> **PROBLEM DESCRIPTION**: For this exercise, reproduce the entries below exactly, but only from the line containing "三星電子は 2006年独島警備隊に設置したシステムエアコン点検のためにサービスエンジニア 2人を独島に派遣してシステムエアコン" through the line containing "Women Printed, Typography", both included.

> **MATERIAL TO PROCESS**:
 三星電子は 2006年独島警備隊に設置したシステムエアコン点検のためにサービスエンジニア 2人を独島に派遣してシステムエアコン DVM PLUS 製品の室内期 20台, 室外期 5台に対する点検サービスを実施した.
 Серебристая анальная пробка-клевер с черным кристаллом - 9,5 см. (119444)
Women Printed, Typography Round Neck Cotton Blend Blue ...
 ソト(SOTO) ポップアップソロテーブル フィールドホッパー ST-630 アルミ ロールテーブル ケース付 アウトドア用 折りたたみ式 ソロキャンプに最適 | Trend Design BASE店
...
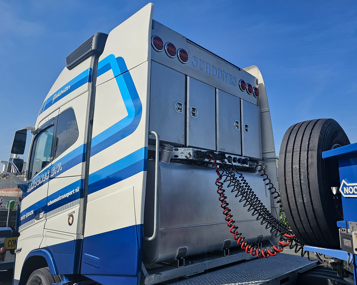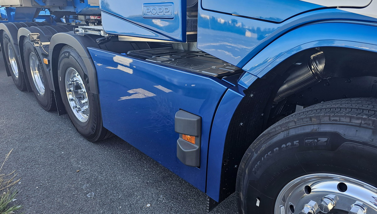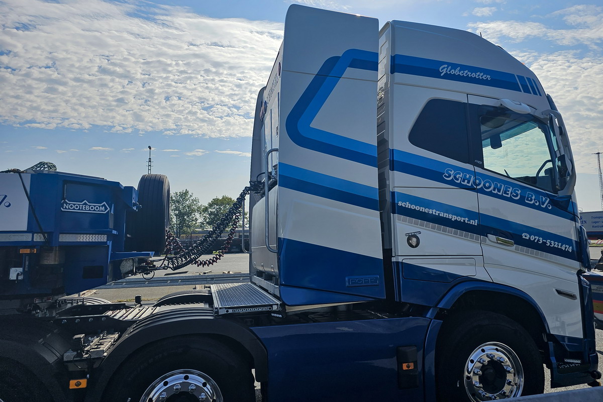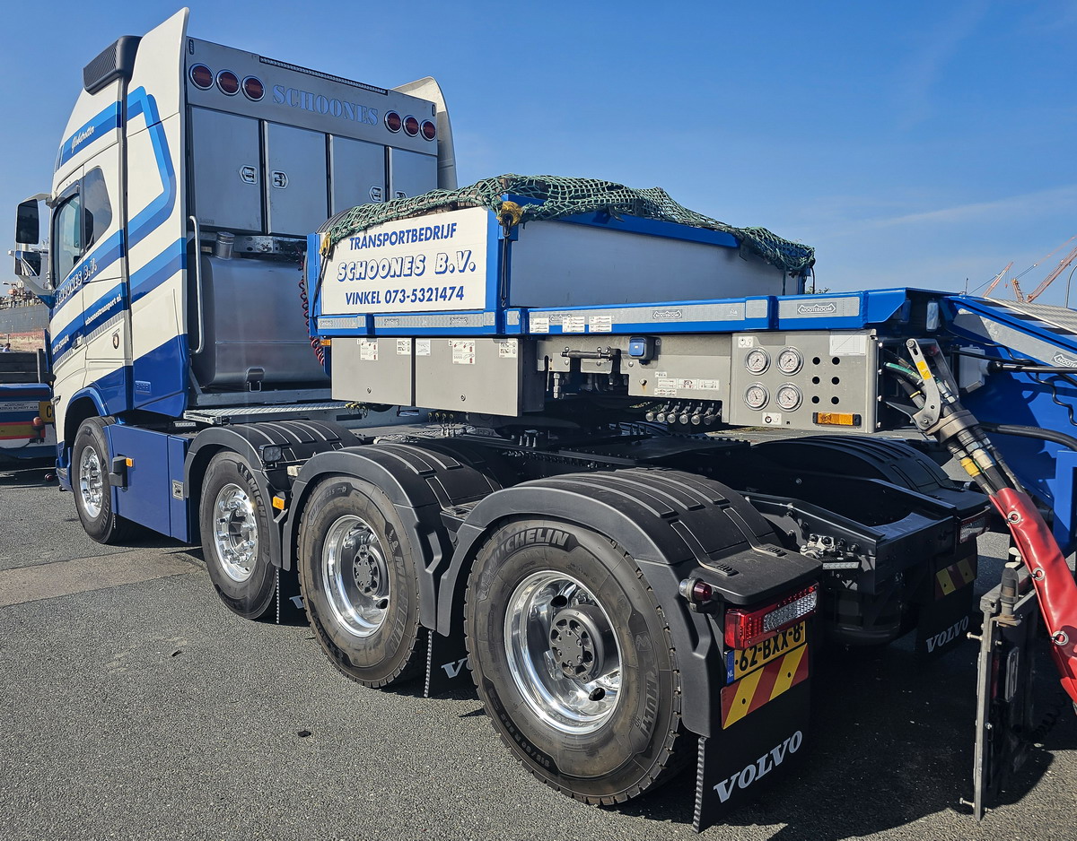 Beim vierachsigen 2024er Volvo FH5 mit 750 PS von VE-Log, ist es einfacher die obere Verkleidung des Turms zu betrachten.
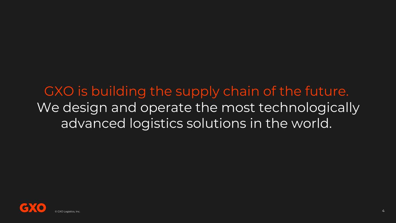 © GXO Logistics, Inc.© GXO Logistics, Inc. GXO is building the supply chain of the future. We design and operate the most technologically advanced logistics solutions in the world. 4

> **TASK RESULT**:
 三星電子は 2006年独島警備隊に設置したシステムエアコン点検のためにサービスエンジニア 2人を独島に派遣してシステムエアコン DVM PLUS 製品の室内期 20台, 室外期 5台に対する点検サービスを実施した.
 Серебристая анальная пробка-клевер с черным кристаллом - 9,5 см. (119444)
Women Printed, Typography Round Neck Cotton Blend Blue ...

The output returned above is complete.